During its existence there were three distinct groups within the alliance, which often clashed with one another:
- The faction led by Andrey Lyapchev included former members of the Democratic and Radical parties. It was the dominant wing of the party after 1926. Following Lyapchev's death in 1933 and the 1934 coup, the Democratic Alliance split into two:
  - The faction led by Stoycho Moshanov and Radi Vasilev supported and joined the monarchist governments. In the summer of 1944 Moshanov was tasked with negotiating an armistice with the Allies.
  - The faction led by Georgi Danailov and Grigor Vasilev was in opposition to the monarchist government and joined the Committee of Five (Petorka). In the 1938 election the Petorka won 41 seats, with two going to the Vasilev led DA faction. The faction dissolved after the outbreak of WW2.
- The faction led by Aleksandar Tsankov included former members of the People's Alliance. It was the dominant wing of the party until early 1926, when Tsankov's harsh authoritarian measures led to the other factions forcing his resignation. Following the 1931 Bulgarian parliamentary election, they split off into the nazi-inspired National Social Movement in 1932. Following the 1934 coup it further split in two:
  - The faction led by Ivan Rusev and Hristo Kalfov supported the monarchist government.
  - The faction of the party led by Aleksandar Tsankov was initially opposed to the monarchist regime, but eventually joined it. After several attempts to become the sole ruling party, it left the government and went into opposition.
- The faction led by Atanas Burov included former members of the United People's Progressive Party. It was the smallest faction and often sided with either of the larger ones. Following the 1934 coup and the ban of all political parties, they split off from the alliance and remained in opposition to the monarchist government. The party won one seat in the 1938 election. and in the last days of WW2, joined the democratic government of Konstantin Muraviev, which was overthrown in the 1944 coup.

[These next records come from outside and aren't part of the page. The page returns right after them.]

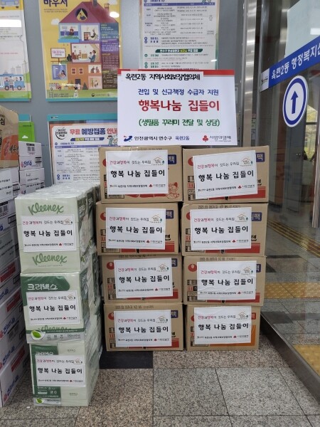 2022년 4월부터 분기별로 추진된 ‘행복나눔 집들이 사업’은 옥련2동 지사협 특화사업으로 지역으로 전입한 기초수급자·차상위계층 등 취약계층 세대에 생필품 꾸러미를 전달하는 사업이다.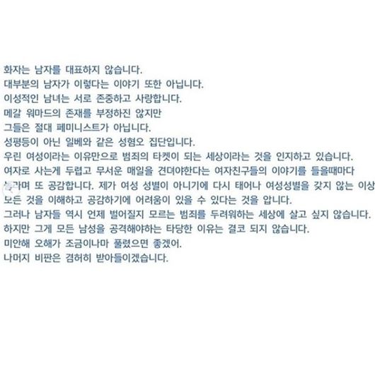 이어 그는 "미안해 오해가 조금이나마 풀렸으면 좋겠어. 나머지 비판은 겸허히 받아들이겠다"고 덧붙였다. /jeewonjeong@osen.co.kr
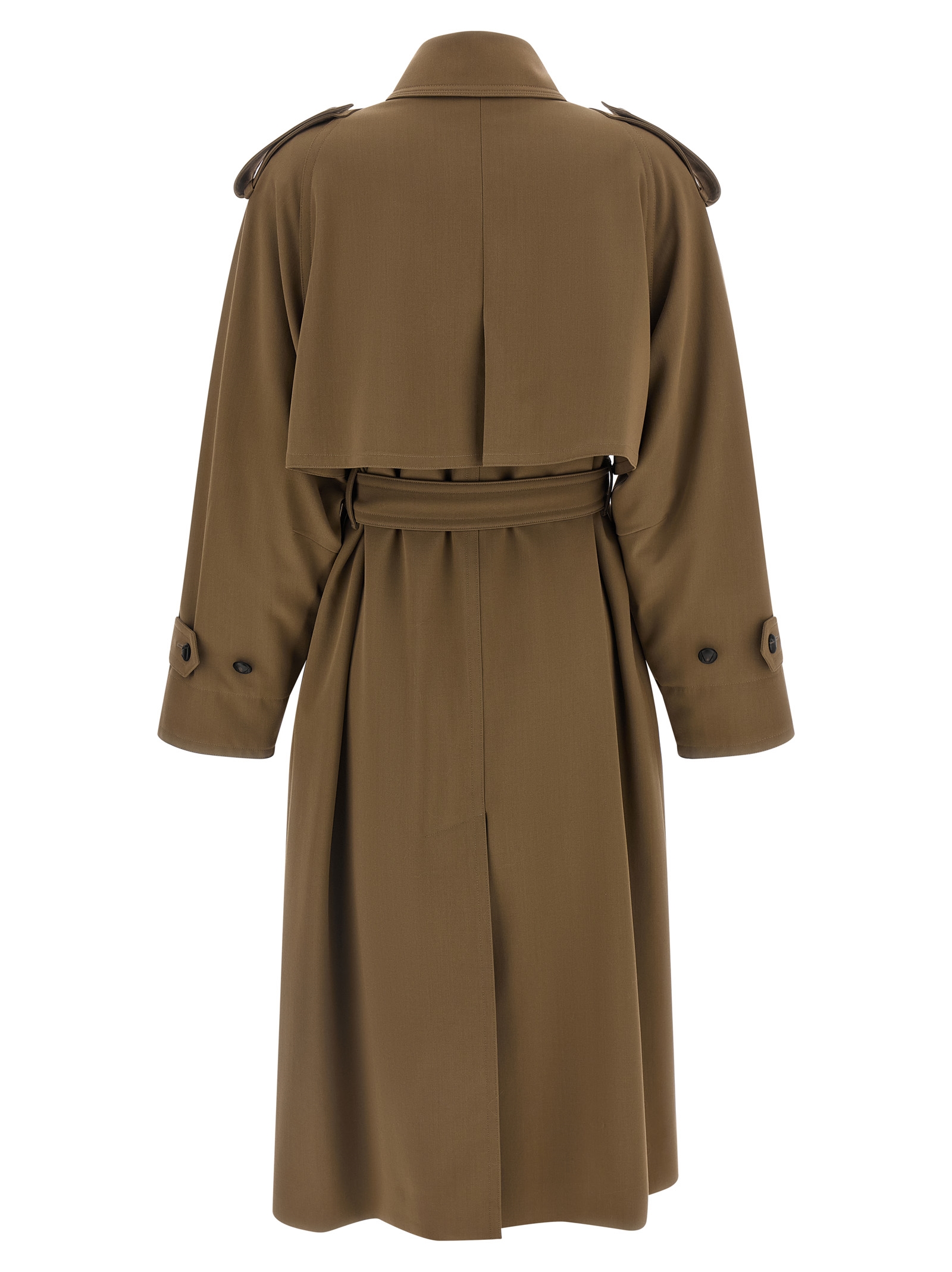 'Mxmcerto' wool gabardine waterproof trench coat with shirt collar, double-breasted button closure, back cape, flared cut with wide back split, removable and adjustable belt with buckle, side pockets with flap and buttons, straps on the shoulders, long sleeves with straps on the cuffs with buttons.

== Participation in the government ==
- Second government of Aleksandar Tsankov (22 September 1923 — 4 January 1926) - in coalition with the Bulgarian Workers' Social Democratic Party
- First government of Andrey Lyapchev (4 January 1926 — 12 September 1928) - alone
- First government of Andrey Lyapchev (12 September 1928 — 15 May 1930) - alone
- First government of Andrey Lyapchev (15 May 1930 — 29 June 1931) - in coalition with the National Liberal Party

== Leaders ==
- 1923-1926: Aleksandar Tsankov
- 1926-1933: Andrey Lyapchev

==Sources==
- Ташев, Ташо. Министрите на България 1879-1999. София, АИ "Проф. Марин Дринов" / Изд. на МО, 1999. ISBN 978-954-430-603-8 / ISBN 978-954-509-191-9.